What is required: What you give back from the listing below should be an exact copy of the lines from the one with "The whole team" down to the one with "이때 스택은 아래 방향으로, 힙은", and it should contain no pictures.

Segment Start: Data shown

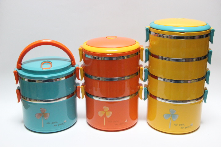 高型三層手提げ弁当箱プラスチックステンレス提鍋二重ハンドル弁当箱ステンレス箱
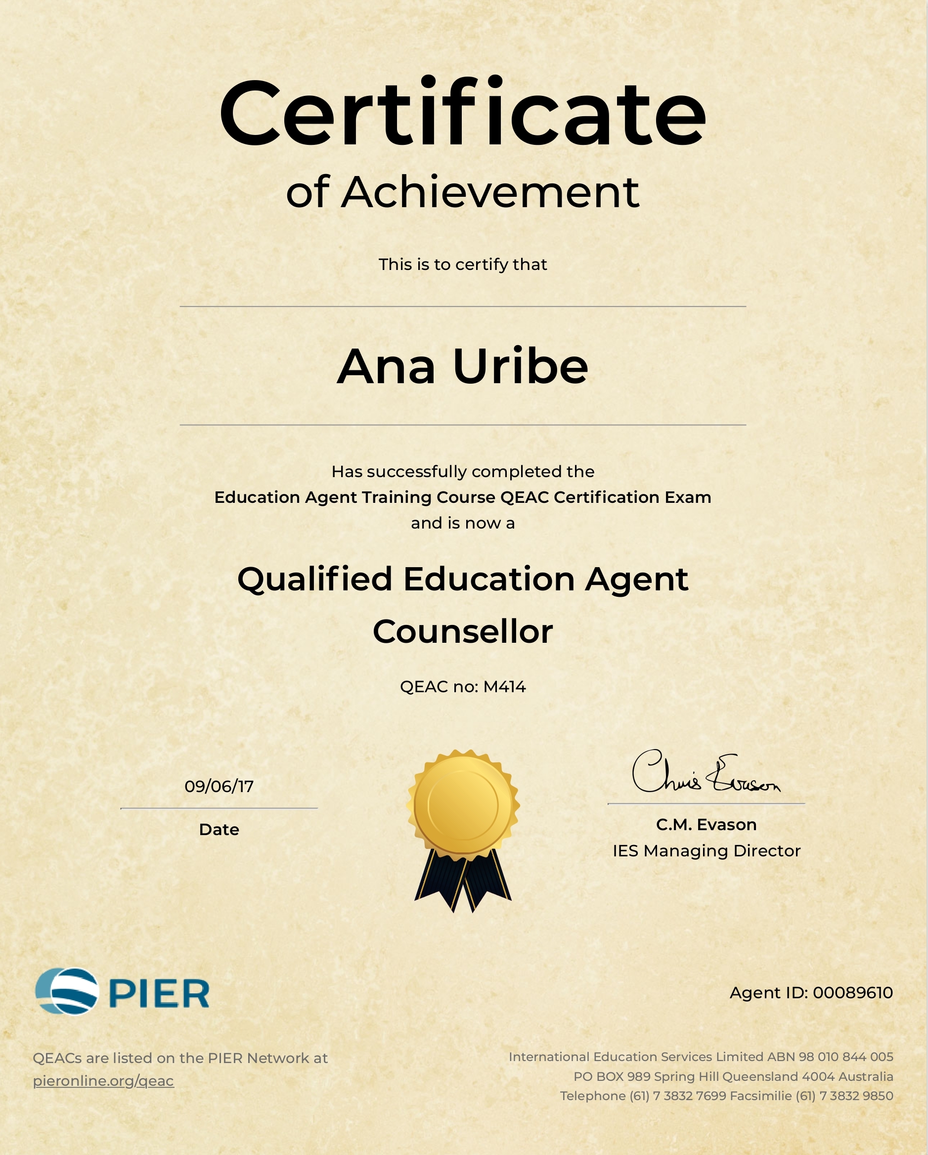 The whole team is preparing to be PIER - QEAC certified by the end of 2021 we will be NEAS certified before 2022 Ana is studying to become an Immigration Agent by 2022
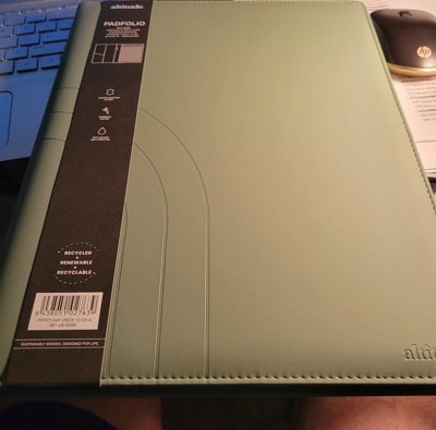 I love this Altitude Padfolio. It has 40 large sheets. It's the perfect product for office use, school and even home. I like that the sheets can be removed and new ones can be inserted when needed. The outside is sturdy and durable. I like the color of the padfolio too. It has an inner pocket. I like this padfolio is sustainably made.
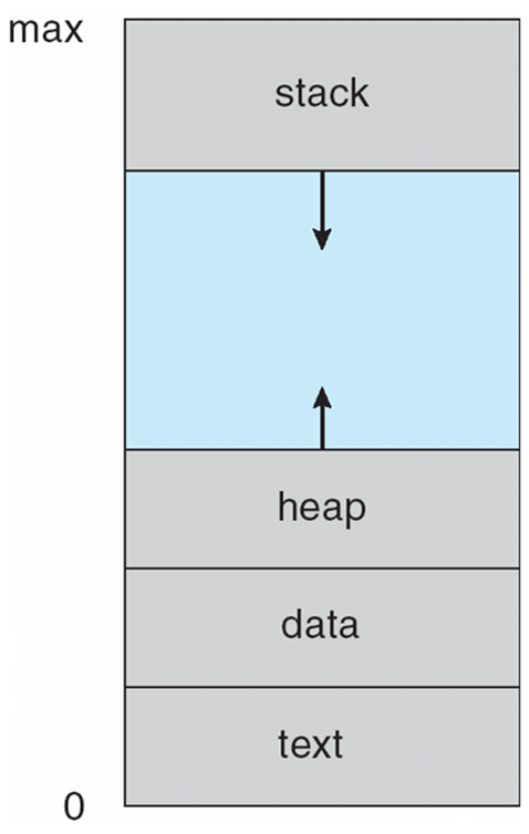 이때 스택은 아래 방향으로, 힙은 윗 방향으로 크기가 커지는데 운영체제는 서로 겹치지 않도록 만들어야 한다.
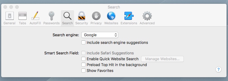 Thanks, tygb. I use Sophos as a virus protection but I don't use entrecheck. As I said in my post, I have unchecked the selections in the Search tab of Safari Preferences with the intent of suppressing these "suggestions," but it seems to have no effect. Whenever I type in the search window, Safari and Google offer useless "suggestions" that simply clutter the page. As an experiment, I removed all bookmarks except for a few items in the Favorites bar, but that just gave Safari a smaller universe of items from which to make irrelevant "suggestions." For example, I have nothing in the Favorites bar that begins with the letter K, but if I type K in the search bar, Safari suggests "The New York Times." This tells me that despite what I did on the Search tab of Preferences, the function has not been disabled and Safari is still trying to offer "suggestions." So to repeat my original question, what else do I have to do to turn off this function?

Segment End: Data shown

Completed task:
 The whole team is preparing to be PIER - QEAC certified by the end of 2021 we will be NEAS certified before 2022 Ana is studying to become an Immigration Agent by 2022
 I love this Altitude Padfolio. It has 40 large sheets. It's the perfect product for office use, school and even home. I like that the sheets can be removed and new ones can be inserted when needed. The outside is sturdy and durable. I like the color of the padfolio too. It has an inner pocket. I like this padfolio is sustainably made.
 이때 스택은 아래 방향으로, 힙은 윗 방향으로 크기가 커지는데 운영체제는 서로 겹치지 않도록 만들어야 한다.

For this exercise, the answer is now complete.